I don’t know why this is such a problem, after all, if I did run out of logs I could go into the woods and cut some more and indeed, I’ve already got some trees down in the ‘jungle’ already felled. I suppose it’s just that by the start of October (a few months away I agree) I always aim to have a full winter’s stock of logs, up here, just outside the house and ready to burn. I like to be organised enough so that I don’t need to run about like a madman with my chainsaw if I’m down to my last few twigs.

This is probably a ‘man thing’. I’m the provider – well for logs I am and it would be a major blow to my man pride if we ran out of logs. Of course I could always drag the trailer down to the wood yard and buy a couple of pallets worth but in the 10 years we’ve been burning logs during the winter, I haven’t bought a single bit of wood.

So, every now and then I wander over to my log pile and have a good long look at it trying to work out if there’s enough. This year it’s all oak so it should burn more slowly than last year’s pine.
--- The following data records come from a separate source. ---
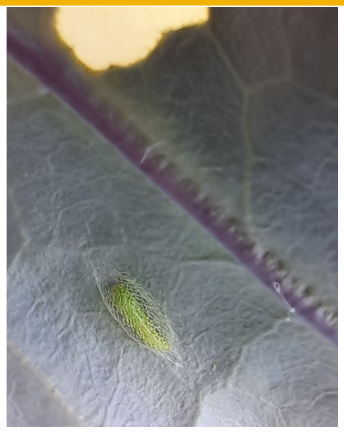
Diamondback moth cocoon. Windowpane from feeding at the top of the photo.

The leaf feeding is usually not economically significant, but the larvae may damage young buds or growing points that stunt the plant. The larvae may also burrow into broccoli or cauliflower flower buds. When disturbed they wriggle rapidly, or drop off, attached to a silken thread.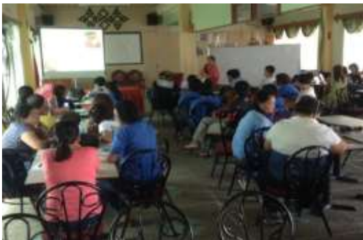
The PHO Administrative Officer discusses the background of the orientation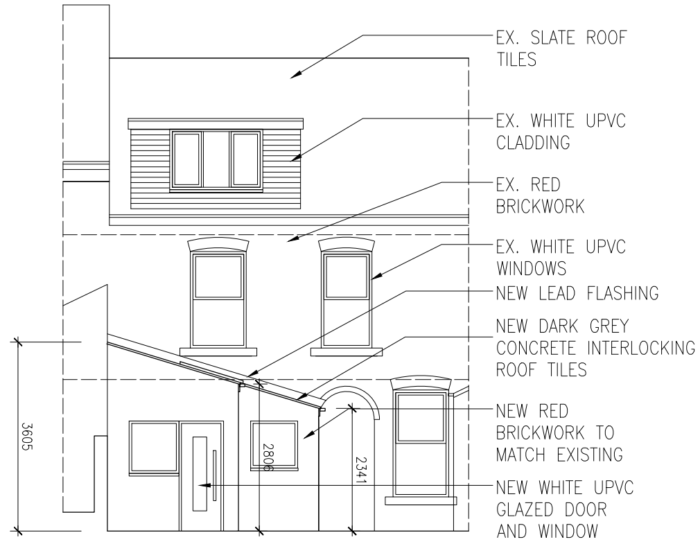
REAR ELEVATION SCALE 1:100 @A3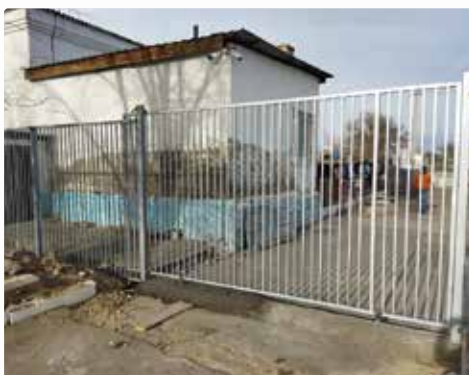
Barnabas provided a protective fence and a CCTV system at the church.

Barnabas funded the purchase of metal fencing, which Christian volunteers installed around the church, and also paid for CCTV cameras around the perimeter as requested by police. Since then, there has been no further stone-throwing (at the time of writing).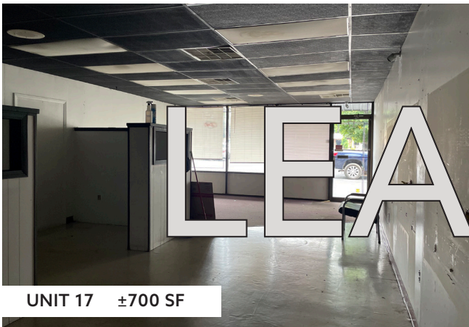
UNIT 17 ±700 SF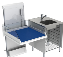
Height Adjustable Changing Table 334 - Combination 1, Washing bench, Border 20 cm

Crazy eh ? It is hitting 100 degrees here and I’m thinking about winter fires already! And what about the photo – interesting or what?

17 August 2009

A Perfect Sunday ?

Yeah – I reckon it was. The temperature was hitting 100 degrees so it was far too hot to do anything as remotely silly as outside work. I’d cleaned the pool on Saturday so apart from watching the football discussion show on TV in the morning, I had nothing on my ‘to-do’ list.

We had some guests coming over for lunch so after a quick dusting and hoovering, there was nothing to be done except for me to make sure that the Rosé was at the correct temperature, and of course you just have to try it to be sure!

J has been trying to perfect Mojitos over the weekend and as soon as the guests were on the terrace, J’s latest attempt at this rum based drink was handed out. Very refreshing they were too and despite Anna saying she’d never be able to finish hers, I noticed it going down very easily indeed!

J then served a delicious chicken ceasar salad and we just sat on the terrace eating, drinking and talking. My only gripe was that I was in the company of three women who were, of course, all talking about their respective divorces. My sole contribution of, ‘all men are bastards’, was met with unanimous approval and I went off to watch the footie on the TV.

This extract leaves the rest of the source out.